Today my diet has a far broader range, will eat lots of different meats now, even steak. Will try new things (though I still draw the line at some things) even tried escargot on our cruise. DH likes green beans and while I don't like them I can eat them because he likes them. My mom salted everything she cooked, I don't salt anything unless a recipe calls for it and then it's sparingly....just don't see that it changes the taste that much.

Unless her doctor has expressed concern over her blood work or her weight I wouldn't worry about it to much.

Also, I would try new things more willingly if I had a hand in making them. In Home Ec we had to pick a vegetable we didn't like then after we told our vegetable we were told now we had to find a recipe to fix it in and we had to eat it. We were also tasked with creating a whole dinner menu and preparing it all. That helped some with being willing to try new things.
 
LOL. You must have grown up in my house. No way, no how was my mother cooking "special" meals for us kids (4). We were lucky if she even asked what we wanted for dinner. ;)

Basically, my pediatrician told me the same thing, after 32 years practicing medicine, He has yet to have a kid come in who starved himself to death.

I do ask my kids what they would like for dinner, some times they get their first choice, some times they don't. Unlike burger king, they don't get it their way.

I would simply start introducing items, maybe one at a time. don't make it into a contest of wills but let her know that this is it. dinner is done and you're not taking request.

Don't make it an issue. If you don't want her eating a lot of processed foods, easy. don't bring them into the house. That's how we cut out soda. simply stop buying the stuff.

I agree with this. If there are things you don't want them to have, don't bring them into the house.

And like the others have said, a child isn't going to starve themself to death. Cook dinner and if she doesn't want to eat it, don't make her. She can wait until the next meal. But don't let her eat unhealthy stuff instead of or in between. If she isn't getting enough food she'll eventually eat what's in front of her, it's in our genes to survive.

Really, food should be a means to keep us alive, it shouldn't be about whether we like it or not. That's part of what societies problem is now, we eat because we want to, not because we need to.

I like the suggestion too of letting her help with the meal prep. And if she wants to cook stuff that's unhealthy, simply tell her no, it isn't allowed. If she throws a fit and says then she doesn't want to help, then say fine, then you fix the dinner and she is back to the option of either eating what you cook or waiting to eat until the next meal.

Life is about choices, you have to pick one and deal with the consequences, whether they are good or bad. What kids need to learn is that life may be about choices, but those choices are often times limited. And you (general you, not specific you) as a parent are in charge of limiting those choices to only include ones that are in your child's best interest .
 
Something I've read about, are people who create picture food journals.
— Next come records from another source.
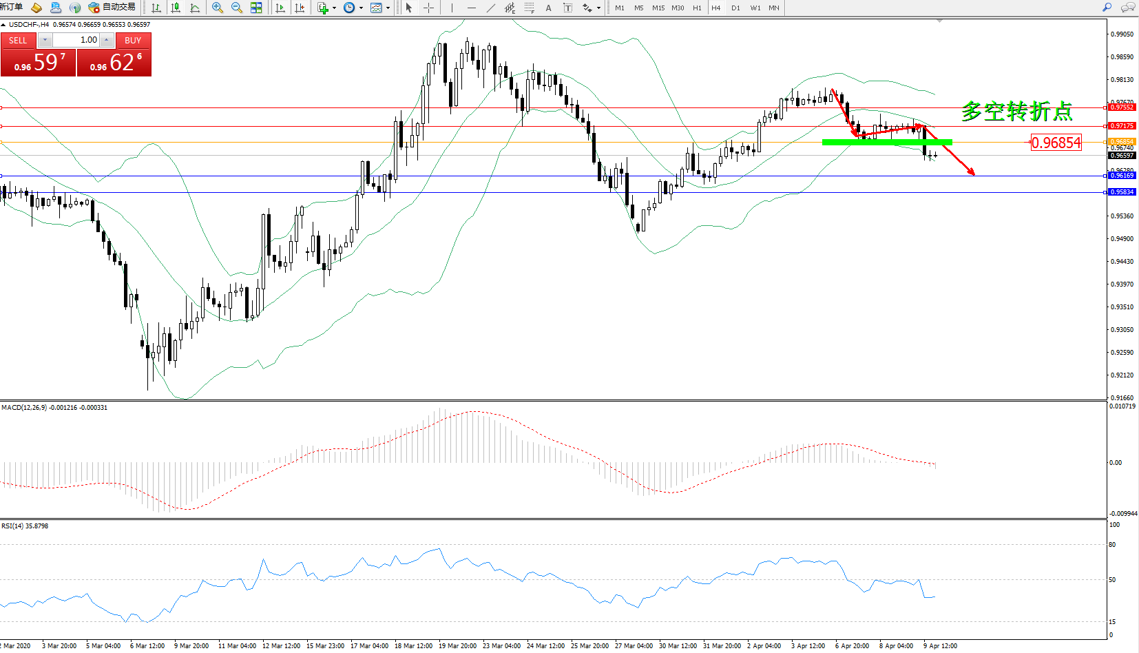 交易策略:0.96854下方看跌,目标0.96169、0.95834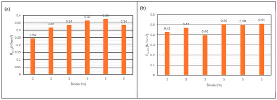 The uniaxial compressive strength (UCS) values are presented in Figure 9. The test results are shown after 7 days (left side of Figure 10) and after 28 days (right side of Figure 10). The x-axis displays the phosphogypsum content, while the y-axis indicates the strength values in N/mm2. It was observed that the UCS values increase with the addition of more binder. This improvement is attributed to the accelerated reaction resulting in the formation of expanding ettringite crystals from the Ca2⁺ and SO42⁻ ions in phosphogypsum. As these ettringite crystals filled the sample pores and interconnected through their needle-like structure, the overall compactness of the material increased, leading to enhanced strength. Based on these findings, it is crucial to continue increasing the binder content and monitoring the UCS values to fully understand its impact on the material’s strength [53].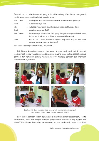 Andi : Berarti kotak susu ini tempatnya di sampah residu, ya? Masuk di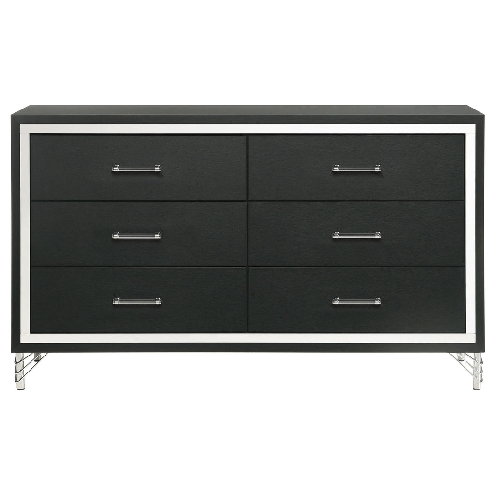 Accentuate surrounding decor with the sophistication of a modern six-drawer dresser. Designed for ample storage, it features a refined look with spacious drawers ideal for everything from clothing to accessories and linens. Its bright white finish is crisp and chic, complemented perfectly with rich, warm gold trim that gleams in the light. Decorative legs have hairpin inspired style, offering a stylish touch of vintage energy. Long bar pulls complete the look with polished perfection.
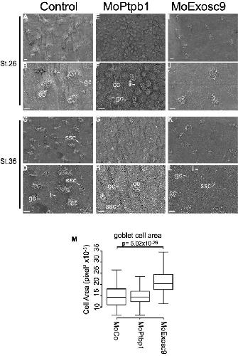 Fig. 4. Scanning Electron Microscopy (SEM) analysis of the peridermal layer of ptbp1 and exosc9 morphant embryos. (AâL) Stage 26 (A, B, E, F, I, J) and stage 36 (C, D, G, H, K, L) embryos, previously injected with MoPtbp1 or MoExosc9 or left uninjected (control) as indicated, were fixed, dehydrated and processed for SEM. The four cell types described in the Xenopus mucociliary epithelium are indicated as ionocytes (i), goblet cells (gc), ciliated cells (cc) and small secretory cells (ssc). (M) The apical area of the goblet cells was measured in stage 36 embryos (MoCo 262 cells, 4 embryos; MoPtbp1 131 cells, 3 embryos; MoExosc9 168 cells, 4 embryos). The scale bar shown on pictures represents 10 µm (A, C, E, G, I, K) or 100 µm (B, D, F, H, J, L). Abbreviations: dorsal fin (df), eye (e), blister (bl).
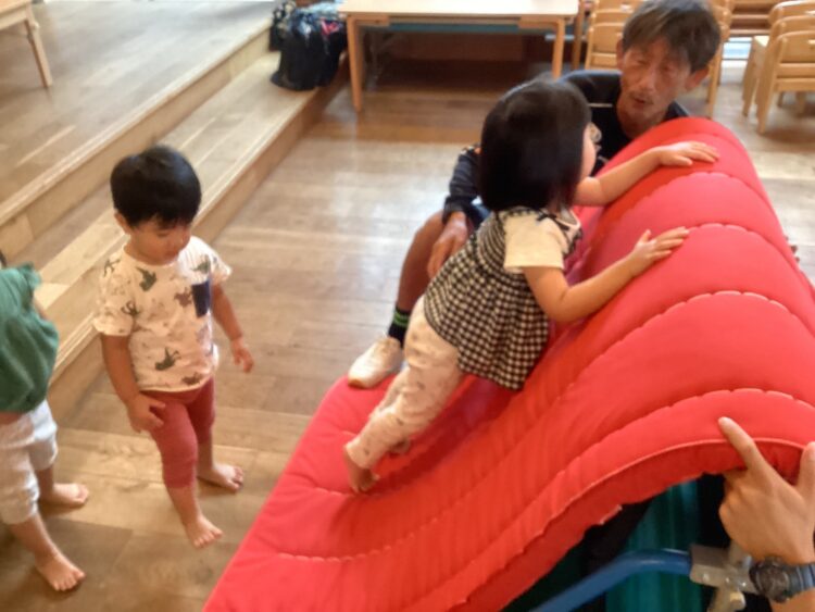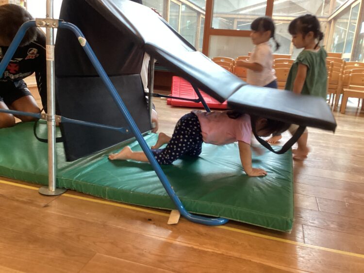 マットの山を登ったり潜ったり![]()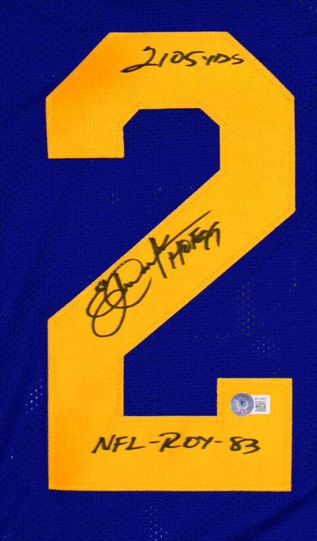 Eric Dickerson Autographed Blue Pro Style STAT Jersey w/ HOF - Beckett W Holo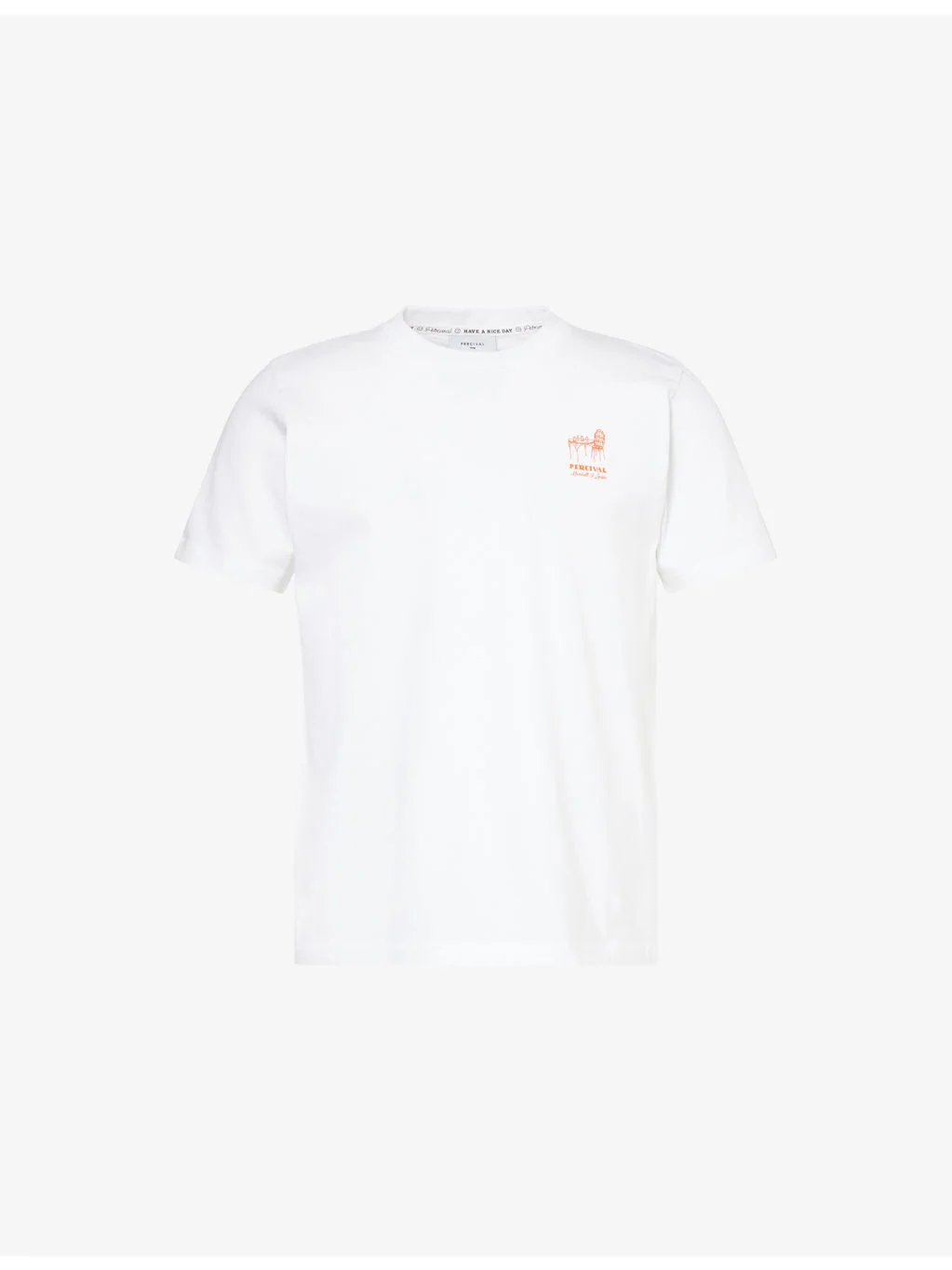 PRODUCT DETAILS - Percival cotton-jersey T-shirt - 100% cotton - Relaxed fit, crew neck, short sleeves, graphic print at front and back - Machine wash cold - Made in Portugal - Model is 6ft 2in/1.88m and wears a size medium - Lightweight, slight stretch Ref: R04603327

They said the more they got into it, the more they started eating healthier stuff just because it started looking more appealing in the pictures than greasy fatty stuff. Have her take a picture of her dinner plate and keep a journal the computer. Or make both your kids do it. Then they can start comparing how colorful and varied their plates are.

There's also certain foods that I'll only eat raw or eat cooked. Like carrots, they are so gross cooked but I love them raw. Broccoli, love it cooked but hate it raw or cold.